Using Kaggle to get the dataset as well as the basis for understanding sci-kit learn. I was able to create a linear model to create a price prediction tool. However it is quite slow as it only takes one input at a time.

But before I did that - I created a very simple power bi dashboard. In my apprenticeship I mainly use Tableau so this was a welcome change

Basic Dashboarding

Here is the main page of the dashboard

Here is me about to drill down on ford vehicles

Here is the drilled down ford section to look at just focuses - you can easily tell they make more more than 100 of the 400 ford cars. They have a lower average mileage than the whole dataset and have a lower average cost than the whole dataset

Code

#Import Modules and Libaries
#Pandas for data manipulation and analysis.
#Scikit-Learn for machine learning, including data preprocessing, model building, and evaluation.
import pandas as pd
from sklearn.model_selection import train_test_split
from sklearn.linear_model import LinearRegression
from sklearn.preprocessing import StandardScaler, OneHotEncoder
from sklearn.impute import SimpleImputer
from sklearn.compose import ColumnTransformer
from sklearn.pipeline import Pipeline

# Load the dataset from "Sheet 1" using Pandas
file_path = 'Car_Used_UK_Clean.xlsx'
df = pd.read_excel(file_path, sheet_name='Sheet 1')

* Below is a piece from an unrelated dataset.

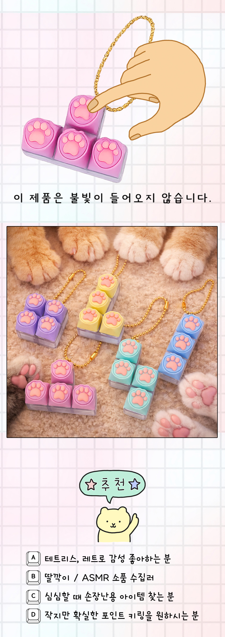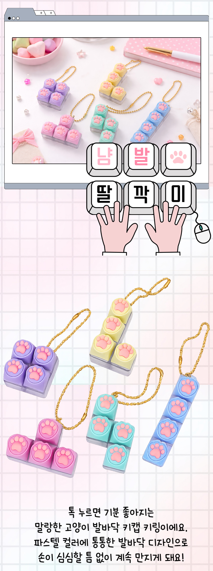 냥발 딸깍이 키링 클릭 고양이 키캡 클리커 귀여운 열쇠고리 스트레스 해소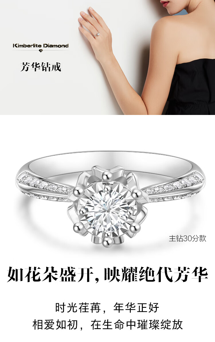 Kimberley Diamond Fanghua Diamond Ring 18K Gold Proposal Ring Carat Effect for Marriage Couples Carat Effect Christmas Gift for Girls Main Diamond 11 Points/Secondary Diamond 19/G Color/VS1-13

# Selecting features (X) and target variable (Y)
features = ['Make', 'Model', 'Mileage(miles)', 'Registration_Year', 'Fuel type', 'Engine']
X = df[features]
y = df['Price']

# Identifying categorical and numerical features
categorical_features = ['Make', 'Model', 'Fuel type']
numerical_features = ['Mileage(miles)', 'Registration_Year', 'Engine']

# Preprocessing for numerical data: impute missing values with median and scale
numerical_transformer = Pipeline(steps=[
    ('imputer', SimpleImputer(strategy='median')),
    ('scaler', StandardScaler())
])

# Preprocessing for categorical data: impute missing values with the most frequent value and apply one-hot encoding (turning categories to a number)
categorical_transformer = Pipeline(steps=[
    ('imputer', SimpleImputer(strategy='most_frequent')),
    ('onehot', OneHotEncoder(handle_unknown='ignore'))
])

# Bundle preprocessing for numerical and categorical data
preprocessor = ColumnTransformer(
    transformers=[
        ('num', numerical_transformer, numerical_features),
        ('cat', categorical_transformer, categorical_features)
    ])

# Creating the preprocessing and modeling pipeline
pipeline = Pipeline(steps=[('preprocessor', preprocessor),
                           ('model', LinearRegression())])

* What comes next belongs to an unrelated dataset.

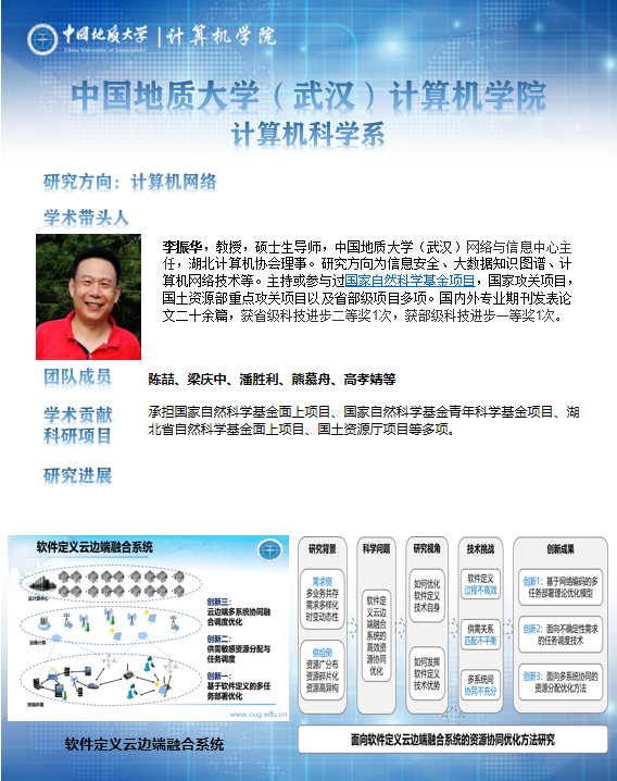 主要开展信息安全、大数据知识图谱、计算机网络技术、软件定义网络,物联网、云边计算、网络策略技术等方面的科研工作。提出了基于软件共享与网络编码的任务部署模型,设计了资源敏感的任务镜像部署、云边端资源“纵向赋能、横向协同”机制,厘清了边端融合系统中存储、网络与计算资源的耦合关系并设计了全局联动的资源协同优化方法。共有专任教师8人,其中学术带头人1人,学术骨干2人;主持或参与过国家自然科学基金项目,国家攻关项目,国土资源部重点攻关项目以及省部级项目多项。国内外专业期刊发表论文100余篇,获省级科技进步二等奖1次,获部级科技进步一等奖1次,国家发明专利和软件著作权20项。

# Splitting the dataset into the Training set and Test set (1% because I am using my own testing)
X_train, X_test, y_train, y_test = train_test_split(X, y, test_size=0.01, random_state=42)

# Training the model
pipeline.fit(X_train, y_train)

from joblib import dump

# Save the model to a file
model_filename = 'car_price_model.joblib' #saving model for future use and reuse
dump(pipeline, model_filename)
#print(f"Model saved to {model_filename}")

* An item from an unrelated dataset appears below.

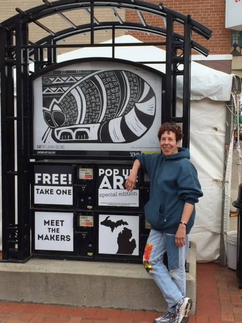 I have taught print-making classes at Michigan State University, Grove Gallery and Studios in East Lansing, the Lansing Art Gallery, and Blue Lake Fine Arts Camp as well as intensive, week-long workshops at Ghost Ranch in Abiquiu, NM. I enjoy sharing my love of relief printing with both kids and adults, always learning as much from them as they do from me. If you are interested in a linocut workshop, contact me, Laura B DeLind, via this website.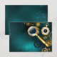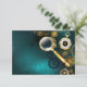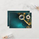 Una lupa antigua con mango dorado y lente convexa sobre el fondo verde con los engranajes dorados y un reloj antiguo. Estilo Steampunk.

# Predicting the Test set results
y_pred = pipeline.predict(X_test)


def predict_price(make, model, mileage, year, fuel_type, engine):
    import pandas as pd
    
    # Creating a DataFrame for the input features
    input_data = pd.DataFrame({
        'Make': [make],
        'Model': [model],
        'Mileage(miles)': [mileage],
        'Registration_Year': [year],
        'Fuel type': [fuel_type],
        'Engine': [engine]
    })
    
    # Making prediction using the pipeline
    predicted_price = pipeline.predict(input_data)
    
    # Printing the predicted price
    print(f"The predicted price for the {make} {model} is: £{predicted_price[0]:,.2f}")

# Example usage
predict_price('Hyundai', 'i20', 87500, 2009, 'Petrol', 1.2) #£2000
predict_price('Toyota', 'Yaris', 86991, 2004, 'Petrol', 1.0) #£1150
predict_price('Ford', 'Mustang', 50885, 2016, 'Petrol', 2.3) #£20250

Here is the code with some preset cars as well as the actual price in the comments found on autotrader. Please try out yourself.

As you can see the ford mustang it is very off but in the raw data there was only one other ford mustang so it has very little to base off.

This data project took me less than 4 hours (as can be seen) but was fun none the less.